The Beholder is much more courteous than the Juggernaut but subtly more terrifying. Most restroom stalls have a gap between the door and its frame.  While the Beholder won’t test the door, they instead will hover at the gap and peer through one eye into the stall to see if it is occupied, which always looks like this to me when I, in mid poop, look up and see their eye floating in the gap of the door:

One trademark of the Beholder is the abnormally long time it takes them to discern that yes, the shocked and fearful looking person on the toilet does in fact mean the stall is occupied.

The Shadow.

The Shadow is the most disconcerting member of the menagerie.  You clearly hear someone enter the restroom. You can even hear them approach the stalls and not the urinals.  You know the other stalls are occupied.  Then you hear…nothing.  The Shadow makes no noise.  And yet they are there.  Who are they?  How badly do they have to go?  Are they waiting patiently or impatiently?  Oh god, are they thinking I’m taking too long?  How long have I been in here?

The Shadow compounds your anxiety with their very silence.  Until you finish and rush out of the stall, being sure not to make eye contact as you mumble your apologies for taking so long.

Most of these scenarios are fairly benign, and I think by sharing this with you we become more comfortable and knowledgeable. The only real problems occur when some of the scenarios and denizens combine.

The cure for constipation by the way, no matter how bad it is, is the combination of shoddy lock and The Juggernaut.

6 comments

  1. Eric J says:

    This is hilarious. I was *just* talking to my girlfriend about this very problem at the lab I work at.

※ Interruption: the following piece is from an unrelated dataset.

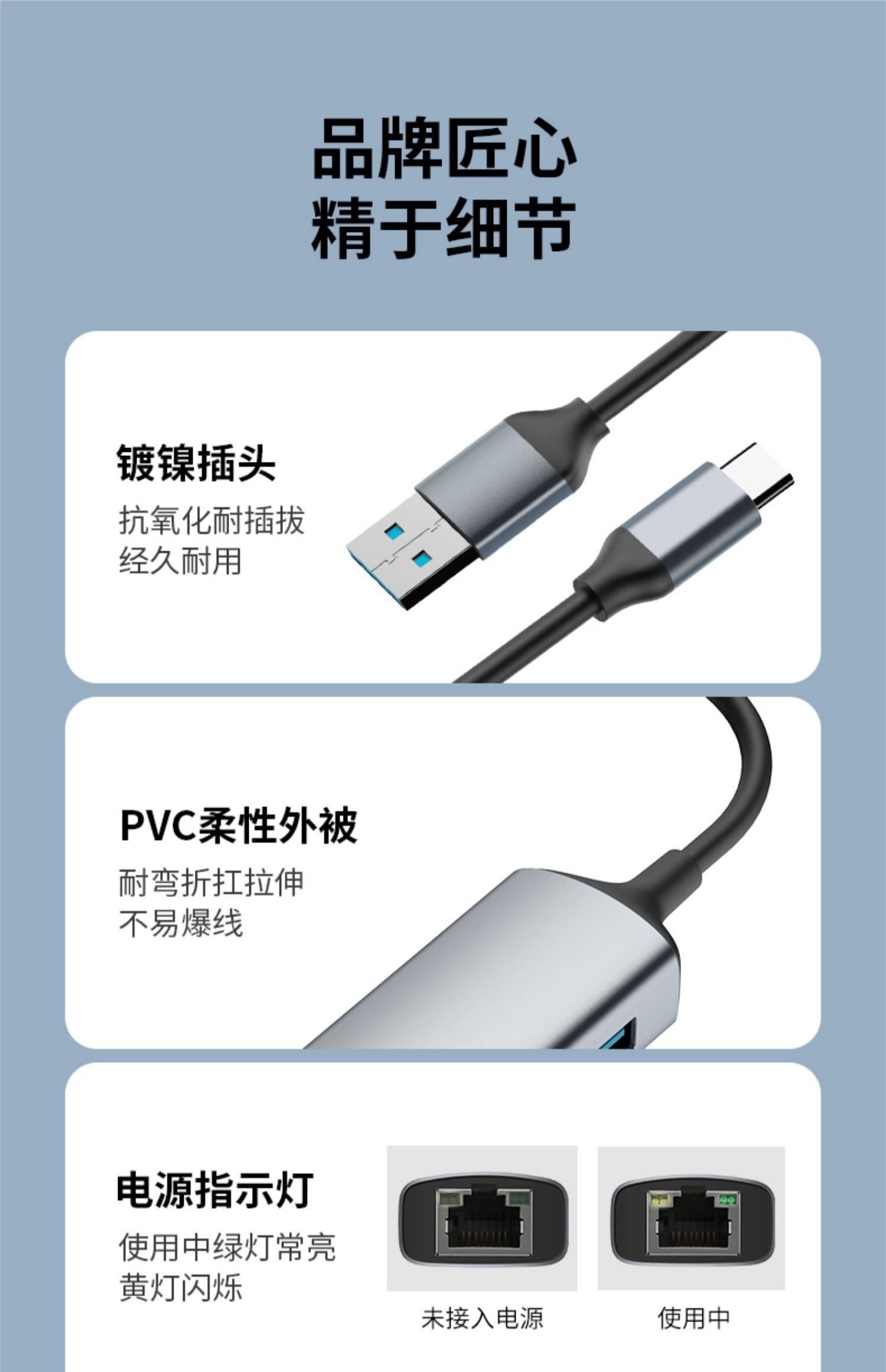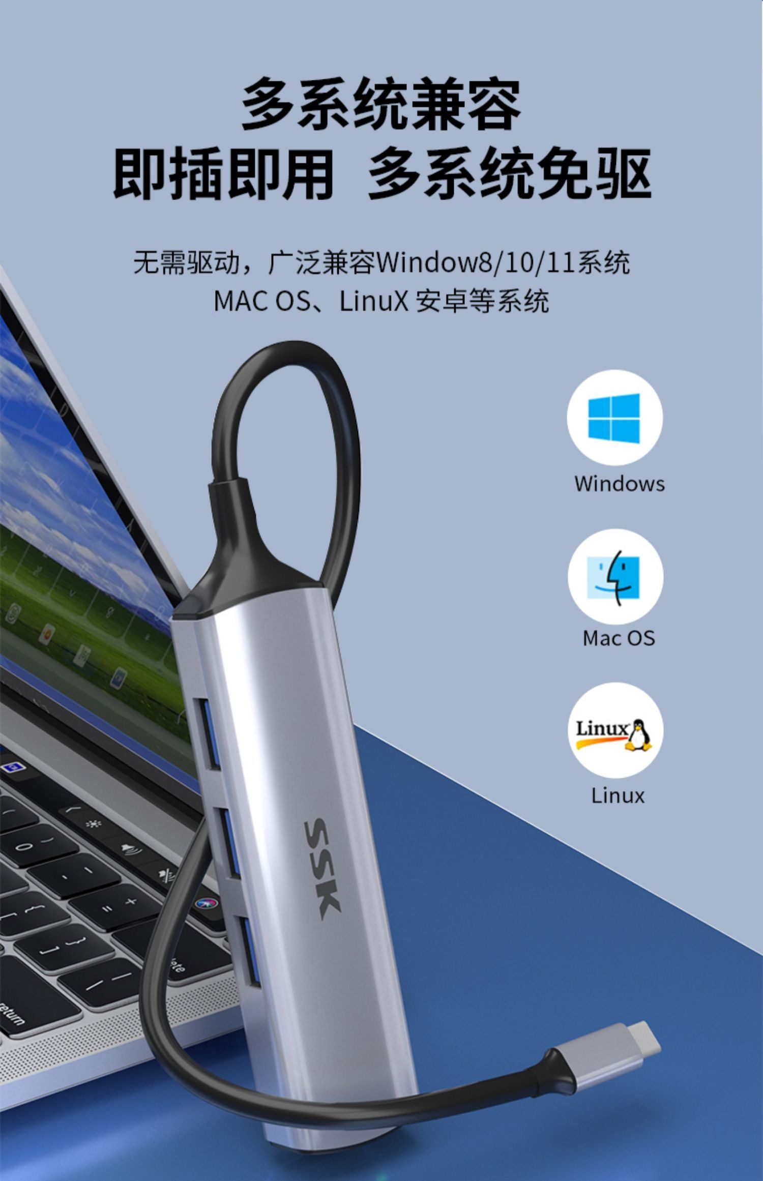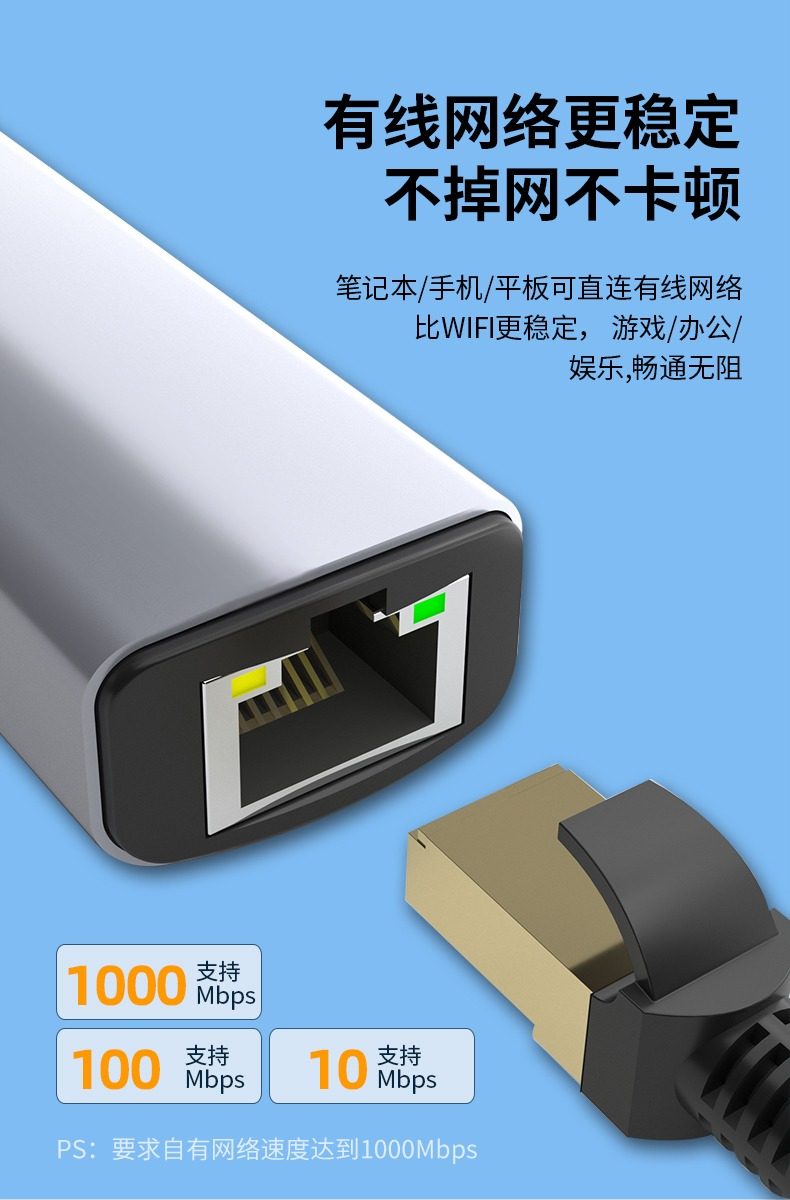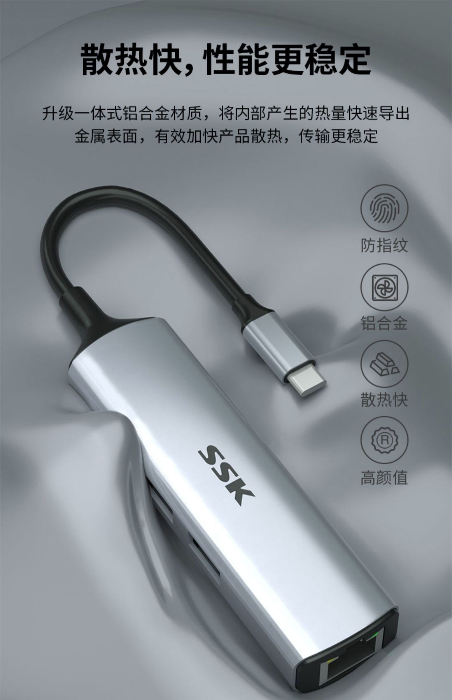 SSK飚王TypeC拓展隖usb擴展隖轉千兆網口5Gbps轉網線接口轉換器

I am a socially awkward penguin pooper and usually sit quietly until everyone is gone from the restroom and make as little noise as possible (even in privacy). Unfortunately, yesterday I was in there performing the ritual, when a coworker broke the silence like a stick of dynamite going off. I couldn’t help but laugh. Hard. Embarrassed, I wrapped up quickly, and made for the door, but was caught before I could finish washing my hands ;_;

  2. johnusmaximus says:

    It’s bad enough that corporate workplaces seem to have a poorly weighted toliet to individual ratio and a TP supplier who only sells things made from wafer thin sandpaper, but these very people exist to make the trip to the bathroom that much worse.
    A totally unexpected, yet hilarious read on this Sunday, thanks Stepto :)

  3. sibtrag says:

    Very funny.

    One thing I have learned about “aborting the process” is that whenever you find an office bathroom that is uncomfortably full, there is another bathroom either one floor above or below which is completely empty. I first formulated this hypothesis almost 20 years ago when, fresh out of grad school, I desperately needed to relieve myself. Unfortunately, so did a significant number of my colleagues, so there was a situation you did not mention…a line waiting to get in. I was on a business trip and had never been in that building before, but managed to navigate to the exact spot one floor below and found my Nirvana, a completely empty mens room.

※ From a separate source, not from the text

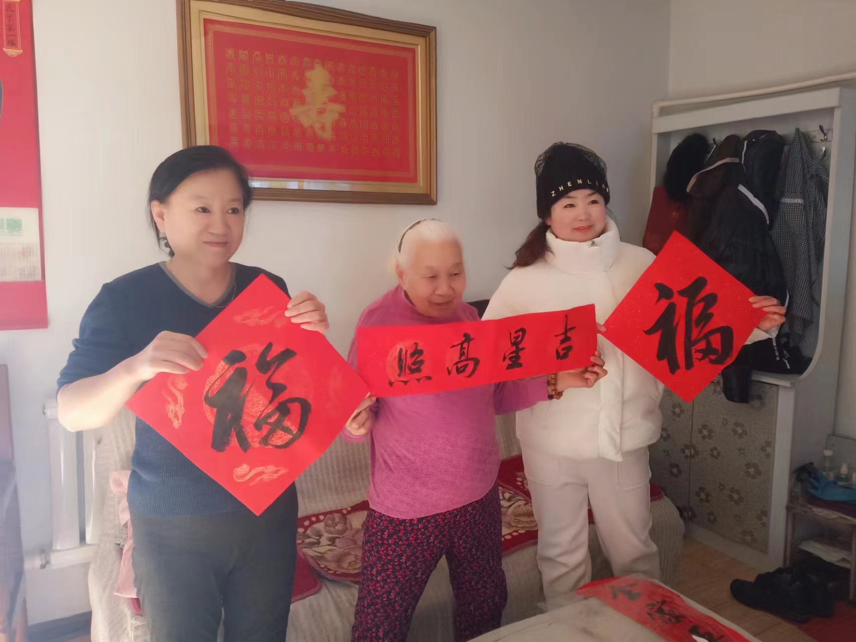 志愿者們還將“新鮮出爐”的春聯(lián)排列開(kāi)來(lái),整理晾干后送到職工及獨(dú)居老人的手中,拿到心儀春聯(lián)的“五老”及職工群眾們喜悅之情溢于言表,紛紛表示,“手寫春聯(lián)比印制春聯(lián)更有溫度、更有意義!”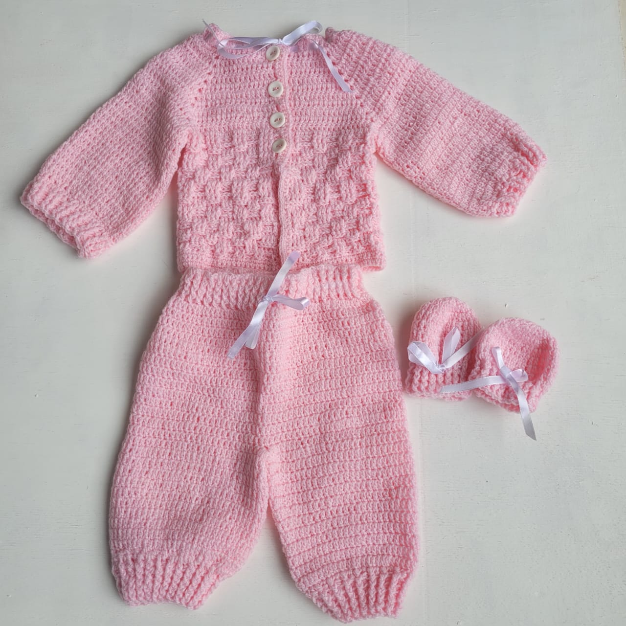 Este encantador conjunto rosa de três peças é ideal para os primeiros momentos do bebê. Composto por calça, casaco e luvinhas, ele oferece um visual delicado e acolhedor,perfeito para os recém nascidos até os 3 meses.Uma excelente opção para saída de maternidade, proporcionando estilo e aconchego. Confeccionado à mão, com amor e cuidado, é recomendado para uso sobre outras roupinhas, garantindo maior conforto e proteção à pele sensível do bebê.

    I have since tested this in many different sites around the country during my time with IBM, and am surprised at how often it works.

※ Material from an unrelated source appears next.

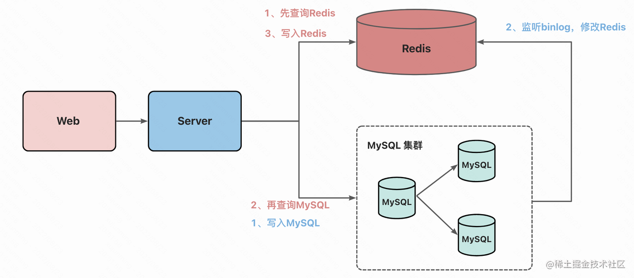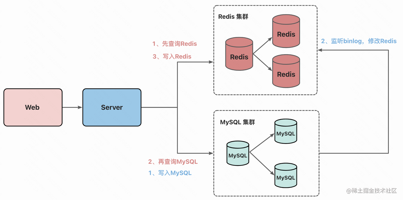 这样就得到了下面这张架构图:在我们读写数据的时候,先会去 Redis 中读取,如下图红色 1 所示;如果 Redis 命中,直接返回数据,结束此次查询;如果 Redis 未命中,则执行下图红色 2 步骤,从 MySQL 集群读取目标数据;在将数据返回的同时,Server 会执行下图的红色 3 步骤,将从 MySQL 中获取的数据,写入到 Redis 中缓存,等待下次读取。

    Next time…I try this trick in an unfamiliar building just before leaving for the airport for my return flight. When I leave the stall, I find the exit is badge-operated and doesn’t open for me.

  4. Great information, lol. But I think you forgot one very important classification.

    “The Joker”.

    The equivalent of the class clown in high school. He is always looking for the laugh. Prey this dude is not on your bad side. If you happen to be in the bathroom when he walks in, you may:

    1) get the lights turned out on you
    2) hear them say things like “dang –insert name here– you must really had to crap” (identifying you by your shoes of course)
    3) or face the awkward stare from your coworkers as you exit the bathroom as he has made known to everyone that you’ve just taken a crap.

    • sibtrag says:

      Interesting, Clarence. I’ve never encountered that sort of person before. I expect that when I was playing the role of co-worker in scenario #3, I would respond “and why are you telling me this?” in an effort to restore normative behavior.